VEB sees pension funds, Chinese banks as possible source of money for investment projects in Russia
VLADIVOSTOK. Sept 5 (Interfax) - VEB sees Russian pension funds and Chinese banks as potential additional sources of financing for investment projects in Russia, the deputy chairman of the state development corporation, Yury Korsun said.
"How do we see future sources? Firstly, we believe that the [project financing] 'factory' is not going anywhere. It will support a certain number of projects. That in itself is already trillions of investment," he said at a session of the Eastern Economic Forum.
"We, frankly, believe that soon it will really be possible to raise money, for example from Chinese banks. Not just raise money, but specifically raise money in conjunction with the fact that a significant number of contract organizations now are Chinese organizations, these are Chinese contractors, purchase of Chinese equipment and so on. And when there is such a link, then it actually makes complete sense to talk about accompanying financing," Korsun said.
Another potential source, the use of which VEB has been discussing for some time already, is pension money.
"We're very seriously thinking about how to get long money from pension funds to projects. At this point, there's no easy solution here, because the main question is how to ensure, let's say, the security of these pension savings in terms of risks. This is not that easy a challenge. But this is the source that genuinely has long money. And this is the source that can provide long money at a fixed rate. In other words, it does not require any additional instruments," Korsun said.
"After all, we see some participation of pension funds in linear infrastructure projects, for example. It's there. Why can't it be, say, applied to all other infrastructure projects - ports, airports or oil and gas infrastructure? This is a big, serious question. But, as I said, the main difficulty is ensuring the risk/quality needed for pension funds," he said.
Korsun also drew attention in his talk to the problem of risk concentration in large, capital-intensive projects that commercial banks face.
"Another problem arises, it turns out. We didn't notice it that much, but our banker colleagues started identifying it.
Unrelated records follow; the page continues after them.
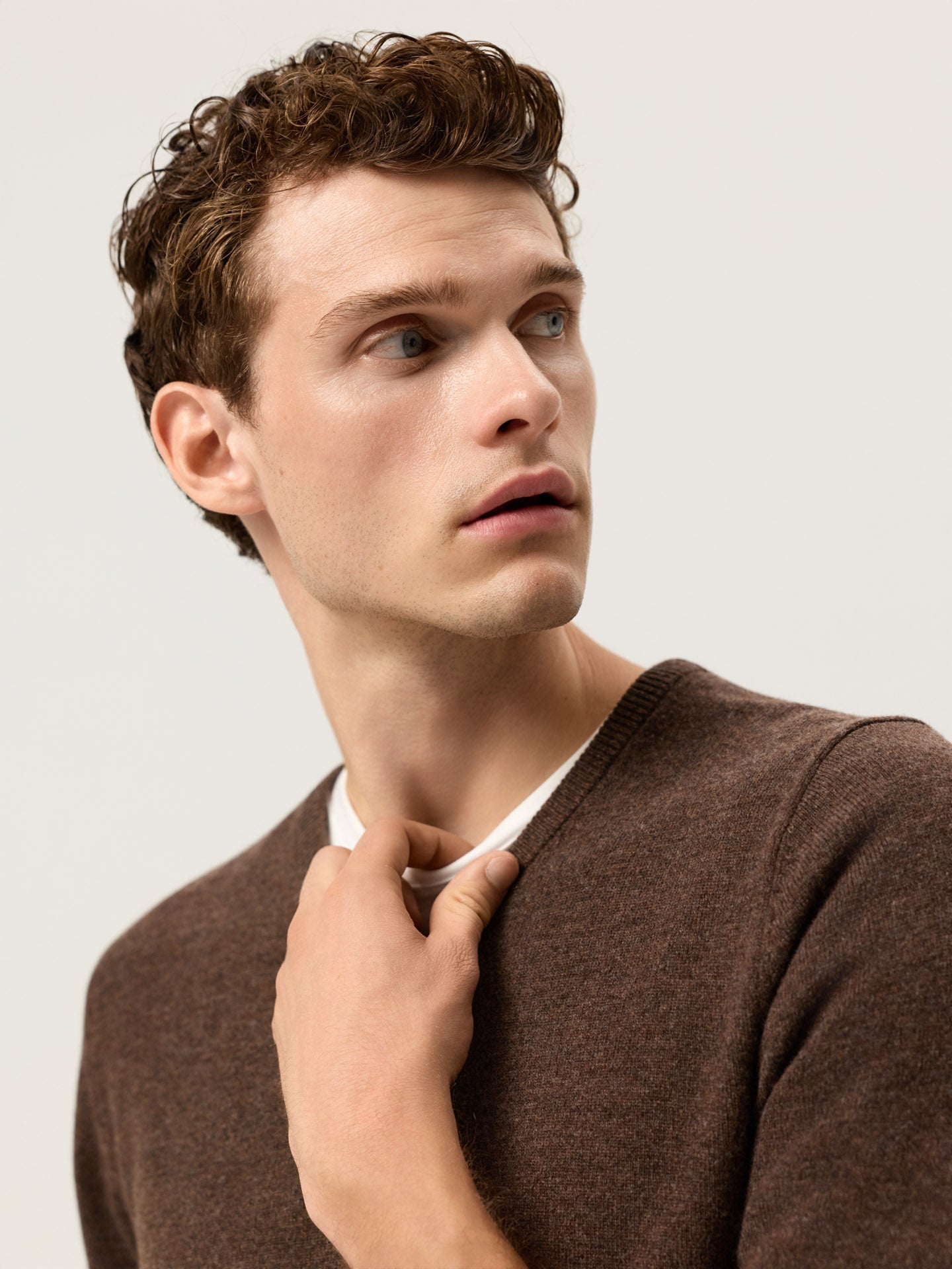 Long Sleeve V-Neck Sweater In Fine Lambswool
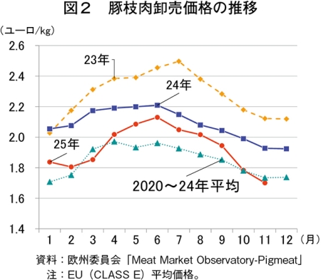 欧州委員会によると、2025年11月の豚枝肉卸売価格(EU27カ国)は、1キログラム当たり1.70ユーロ(316円:1ユーロ=185.83円(注1)、前年同月比11.8%安)となり、過去5カ年平均を下回った(図2)。これは、豚肉供給量が前年を上回って推移している影響が大きく、同価格は5カ月連続で前月を下回っている。なお、英国農業園芸開発委員会(AHDB)によれば、価格下落は供給量の増加に加え需要の減退も影響しているとされる。また、スペインでアフリカ豚熱(ASF)が確認されたこと(注2)が、今後EUにおける同価格の下落圧力になると見込まれている。
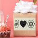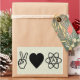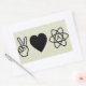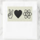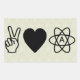 A hand raised in a "V" peace sign, a heart, and an Atheist symbol spells out "Peace Love Atheism."
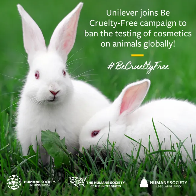 In a pathbreaking announcement that signals a certain end to the cruel practice of testing cosmetics on animals, the industry giant Unilever – maker of such popular brands as Dove, Degree and TRESemmé -- today announced it will support a global ban on such testing, in collaboration with Humane Society International, the Humane Society of the United States and the Humane Society Legislative Fund.
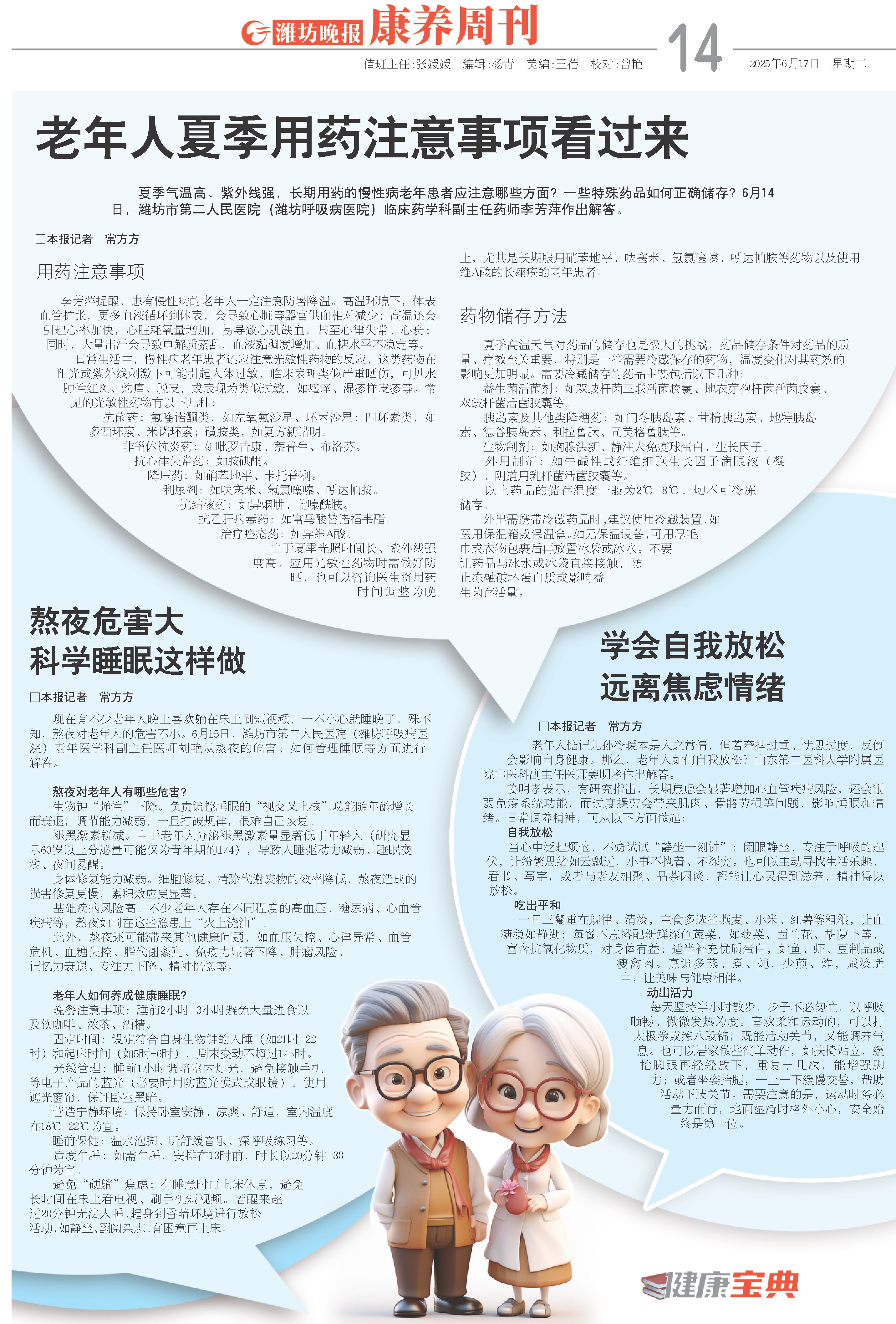 夏季气温高、紫外线强,长期用药的慢性病老年患者应注意哪些方面?一些特殊药品如何正确储存?6月14日,潍坊市第二人民医院(潍坊呼吸病医院)临床药学科副主任药师李芳萍作出解答。

I won't venture now to confirm figures and the accuracy of calculations, but one banker recently told me that Gazprom's biggest project by amount of investment exceeds the N6 statutory ratio [that restricts maximum risk per borrower or group of affiliated borrowers] for the whole banking system," he said.
"Then the question arises of risk concentration and, in general, how the banking system should serve these huge capital-intensive projects. And this is a kind of debate that commercial banks have now put before us. There are also certain solutions there, but this is a corner that we've never discussed at all before," Korsun said.